Parliamentary sketch: Jacob Rees-Mogg, John Bercow, and a game of musical chairs

Written by Liam Kirkaldy on 25 May 2015 in Comment

Parliamentary sketch: Between arcane tradition and petty squabbles over seating, Westminster is back to doing what it does best

The re-election of the speaker was everything you would expect.

There was pomp, there was ceremony, there was Jacob Rees-Mogg

The MP for North East Somerset is an excellent Tory, given he meets the exact model of what you would expect. He is the sort of Tory a cartoonist would design, a Conservative Frankenstein’s monster, put together from all the best bits of other discarded ones.

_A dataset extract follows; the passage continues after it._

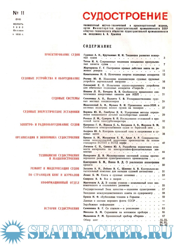 Год выпуска: 1980 Язык: Русский Автор: группа авторов Жанр: Периодическое издание (журнал) Издание: 1980-11 Формат: PDF Качество: Отсканированные страницы Количество страниц: 74 Описание: В журнале публикуются статьи ученых и специалистов на темы, связанные с проектированием, постройкой, ремонтом, модернизацией и утилизацией военных кораблей, гражданских судов. Регулярно выходят в свет работы, посвященные организации и технологии судостроительного производства, проектированию верфей и доков, новым судостроительным материалам. Большое внимание уделяется вопросам судовой энергетики и новым разработкам в области морской техники.
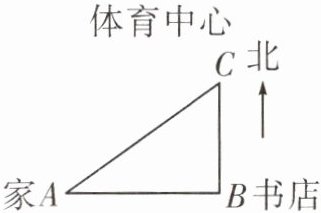 8. 如图,小明计划周末到位于他家正东方向$800m$的书店买书,买完书后再去位于书店正北方向$600m$的体育中心打篮球,求小明家距离体育中心有多远?

He even once took his nanny out canvassing.

And the re-election of the Speaker, John Bercow, brought out the best in him. If Westminster could talk, it would talk like Rees-Mogg.

Congratulating Bercow on his re-election, he said: “My right honourable friend the Member for Buckingham has a reputation as a moderniser – a word that I use with some caution. In spite of my prejudices, it is important that this House looks beyond its own confines to the country at large.”

It was a pretty funny speech, though it was unclear if he was deliberately joking in parts. In fact it says a lot about the discipline of the new intake of SNP MPs that no one laughed when he boasted that “the Speaker also has the most phenomenal knowledge of members”.

But if Rees-Mogg is the proto-Tory, a kind of Viceroy’s butler, Cameron is the opposite – a younger, slicker, much more confusing politician. 

Teasing Bercow, the PM said: “I noticed there was some confusion in the media about whether my party had won 330 or 331 seats in the General Election. It seems the media were unsure about whether you are a Conservative. I am sure you find this as baffling as I did.”

How they laughed. But there was a serious point. He continued: “Mr Speaker-Elect, I have said that this will be a one nation Government. I know we have our differences across the House, but I hope this will also be a one nation Parliament.”

It seemed unlikely the huge intake of new SNP MPs would agree.

The party has painted itself as a breath of fresh air, a chance to move Westminster away from its reputation for petty aggression. And so getting down to business, the SNP MPs promptly set about trying to steal an old man’s seat.

The whole thing – revolving around someone sitting in Labour MP Dennis Skinner’s space – escalated quickly. The SNP claimed it was entitled to the seat. Labour claimed the SNP were being provocative. 

Everyone else questioned how any of these people can have jobs at all, let alone become elected representatives.

But then maybe it’s normal. Maybe every meeting just descends into prolonged disputes over seating arrangements. Who knows, maybe Scotland would have become independent long ago if Angus MacNeil had just agreed to get out of Alex Salmond’s favourite chair.

The good news is that reconciliation talks began quickly.

Speaking to The Herald, Pete Wishart said: “We want to sit around the table with Labour to sort this out. They have simply refused to have a meeting with us. There is precedent here for us sitting on those benches.”

The two parties getting around a table might help, but it seems questionable if the solution lies in more sitting. It was sitting that got us here in the first place.

Wishart was then asked if the turf war was childish. Replying from inside a den made out of coats, he said: “Labour are taking our spaces. What are we supposed to do? Go sit at the back and shut up? No way.”

Labour, meanwhile, was unavailable for comment because the shadow cabinet was watching SpongeBob.

So while Labour and the SNP are bogged down in absurd arguments over seats, the Tories have set about righting the many wrongs in British society. At least Cameron’s party is focusing on the big picture.

First, the Tories aim to take on the vested power of the foxes; the chief architects of the global financial crisis. To do this, they will hunt them through the woods with a pack of dogs.

Next, in an attempt to fix the eurozone crisis, they will try to kill some badgers – an animal so nefarious it could be responsible for any number of social ills. They are mysterious animals – in fact we don’t even really know what colour they are.

Admittedly the last time it tried, the Government didn’t actually manage to kill them. Either the Tories are incompetent, or the badgers know something we don’t. Though if they had more sense they would go after the owls, and Labour’s give-away policy in its tracks.

The whole thing is enough to make you wonder whether Osborne has had a bad experience watching Animals of Farthing Wood.

So yes, the re-opening may have been absurd, but at least parliament is back to focusing on the things that matter.